Evangelical discomfort with prosperity

Keep the change, son.
"Keep the change, son".

Evangelical Christians are okay with God’s spiritual blessings but are ill at ease with material blessing from God.

One reason is an over-reaction to the excesses of the “prosperity gospel”.  We look with disdain on some American television evangelists who raise millions from naive believers by twisting Scriptures to say what they do not say, to support grandiose projects, and flaunt a lavish lifestyle that Solomon would envy.

The PEST test

An easy way to check for “prosperity doctrine” quotient is to do a PEST test that I have developed:

P –  Presumption is “an assumption, often not fully established, that is taken for granted in some piece of reasoning.” “Prosperity doctrine” is built on assumptions that are not fully borne out by the whole counsel of God, and their tenets are flawed by tenuous interpretation of scripture passages.

E – Eternity: “Prosperity doctrine” have no regard for what is eternal, accusing others of “pie in the sky” irrelevancy.  Jesus told us not to accumulate wealth on earth but to lay our treasures in heaven. He had a high regard with living on earth with a view to eternity. Hold to our material wealth lightly and be contented and free from greed and hoarding.

S – Stewardship: “Prosperity doctrine” does not emphasize God’s ownership of all things and how discipleship entails the faithful and wise management of God’s resources and places all our resources at God’s disposal. Jesus said, “You cannot serve God and Money(Matthew 6:24).” This practically means the wealthy Christian should use his wealth to honor God, and care for the poor and needy, this good old earth and world missions.

T – Thanksgiving: “Prosperity doctrine” does not cultivate humility and gratitude and generosity. It has tendencies toward materialism, and unchecked consumption and pride. “Give me neither poverty nor riches, but give me only my daily bread. Otherwise, I may have too much and disown you and say, “Who is the Lord?” (Proverbs 30:8,9)

So we rightly say no to “prosperity doctrine” but sadly are hesitant to preach about God’s desire to bless us so that we can bless others. We do not want to be associated with “prosperity doctrine” and so we stay in the safety of the boat and do not risk teaching rightly what the Word says about God’s fatherly desire to bless his children.

God wants to bless

I preach that God wants to bless his children. He blessed Adam and Eve, Noah, Abraham and many may have missed this scripture: “When He had led them out to the vicinity of Bethany, he lifted up his hands and blessed them. While he was blessing them, he left them and was taken up into heaven.”( Luke 24:39). It seems to me that every significant new beginning, was launched with the blessing of God, unmerited and free, and that blessing included material benefits as well as spiritual. He wants us to “put our hope in God who richly provides us with everything for our enjoyment”(1 Timothy 6:17).

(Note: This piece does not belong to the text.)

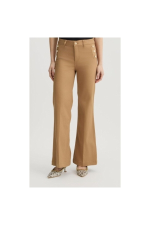 Liu Jo broek WA5459t403371320. Dit flared model sluit door middel van een knoop en rits afgewerkt met ceintuurlussen. Deze bruine broek van Liu Jo is voorzien van steekzakken en is aan de voorzijde bewerkt met parel knoopdetails.
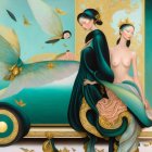 The image features a surreal woman in a flowing teal gown, surrounded by whimsical fish and abstract shapes. The vibrant colors and intricate patterns create a dreamlike atmosphere.

In the Old Testament, as in Abraham’s case, the blessing of God covered his family, finances, protection, guidance and did not exclude the spiritual for by faith righteousness was credited to his account, and he sought a city not made by hands. The promises of blessing to those who fully obey in Deuteronomy 28:1-14 would easily have had Abraham as an example of fulfillment.

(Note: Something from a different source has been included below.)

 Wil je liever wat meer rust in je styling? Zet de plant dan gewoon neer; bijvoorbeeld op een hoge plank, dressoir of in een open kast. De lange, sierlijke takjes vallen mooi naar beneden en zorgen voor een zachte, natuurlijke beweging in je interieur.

Evangelical dis-ease must be cured

Evangelical Christians think that the New Testament blessings emphasizes spiritual blessings but not to the exclusion of the temporal and material.  I rejoice and thank God for all the spiritual blessings secured for us through Christ’s death and resurrection. However, the reluctance and neglect of preaching about how God loves to bless us with “daily bread”, a temporal and material blessing embedded in the Lord’s prayer itself, does a disservice to the church. Our heavenly Father is mistakenly regarded as one reluctant to bless us with material resources as well as spiritual. Paul declared boldly that God wants “to make all grace abound toward you so that you, always having all sufficiency in all things, may have an abundance for every good work”(2 Corinthians 9:8).

This evangelical dis-ease must be cured.

Let’s not junk the good with the part that’s spoiled.